By deleting the existing Article 158 in its entirety and substituting therefor the following:

  • “158. If the office of auditor becomes vacant by the resignation or death of the Auditor, or by his becoming incapable of acting by reason of illness or other disability at a time when his services are required, the Directors shall fill the vacancy and fix the remuneration of the Auditor so appointed.”

– 9 –

NOTICE OF EGM

  • (B) “ THAT the amended and restated memorandum and articles of association of the Company consolidating the Name Change (if approved by members) and all of the proposed amendments referred to in paragraph (A) above and all previous amendments made pursuant to resolutions passed by the members of the Company at general meetings in the form produced to the meeting, a copy of which has been produced to this meeting and marked “A” and initialled by the chairman of this meeting for the purpose of identification, be and are hereby approved and adopted as the amended and restated memorandum and articles of association of the Company in substitution for and to the exclusion of all the existing memorandum and articles of association of the Company with immediate effect.”

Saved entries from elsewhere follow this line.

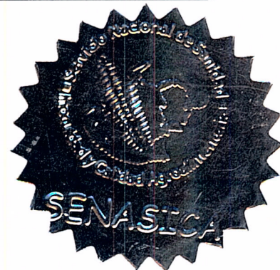
MVZ. OCTAVIO CARRANZA DE MENDOZA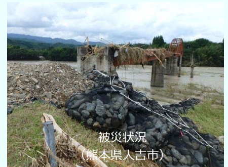
被災状況 (熊本県人吉市)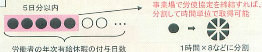
【図】時間単位年休の仕組み

(注3) 例えば、労働者が日単位で取得することを希望した場合に、使用者が時間単位に変更することはできません。

By Order of the Board Richfield Group Holdings Limited Lee Wing Yin Executive Director

Hong Kong, 30 December 2010

Registered Office: Head office and principal place of business in Cricket Square Hong Kong: Hutchins Drive Unit 1209, 12/F P.O. Box 2681 Silvercord Tower 2 Grand Cayman KY1-1111 30 Canton Road Cayman Islands Tsim Sha Tsui Kowloon Hong Kong

Notes:

  1. Any member of the Company entitled to attend and vote at the above meeting is entitled to appoint a proxy to attend and vote in his stead and any member who is the holder of 2 or more shares in the Company is entitled to appoint more than one proxy(ies) to attend and vote in his stead. A proxy need not be a member of the Company.

  2. To be valid, a form of proxy and the power of attorney or other authority, if any, under which it is signed, or a certified copy of such power or authority must be deposited at the Company’s branch share registrar in Hong Kong, Tricor Tengis Limited at 26th Floor, Tesbury Centre, 28 Queen’s Road East, Wanchai, Hong Kong not less than 48 hours before the time appointed for holding the extraordinary general meeting or any adjournment thereof. Completion and return of the proxy form will not preclude you from attending the meeting should you so wish.

  3. As at the date of this announcement, the Company’s executive Directors are Mr. Pong Wai San, Wilson and Mr. Lee Wing Yin, the Company’s non-executive Director is Mr. Li Chi Chung and the Company’s independent non-executive Directors are Mr. Koo Fook Sun, Louis, Mr. Lai Hin Wing, Henry and Mr. Lung Hung Cheuk respectively.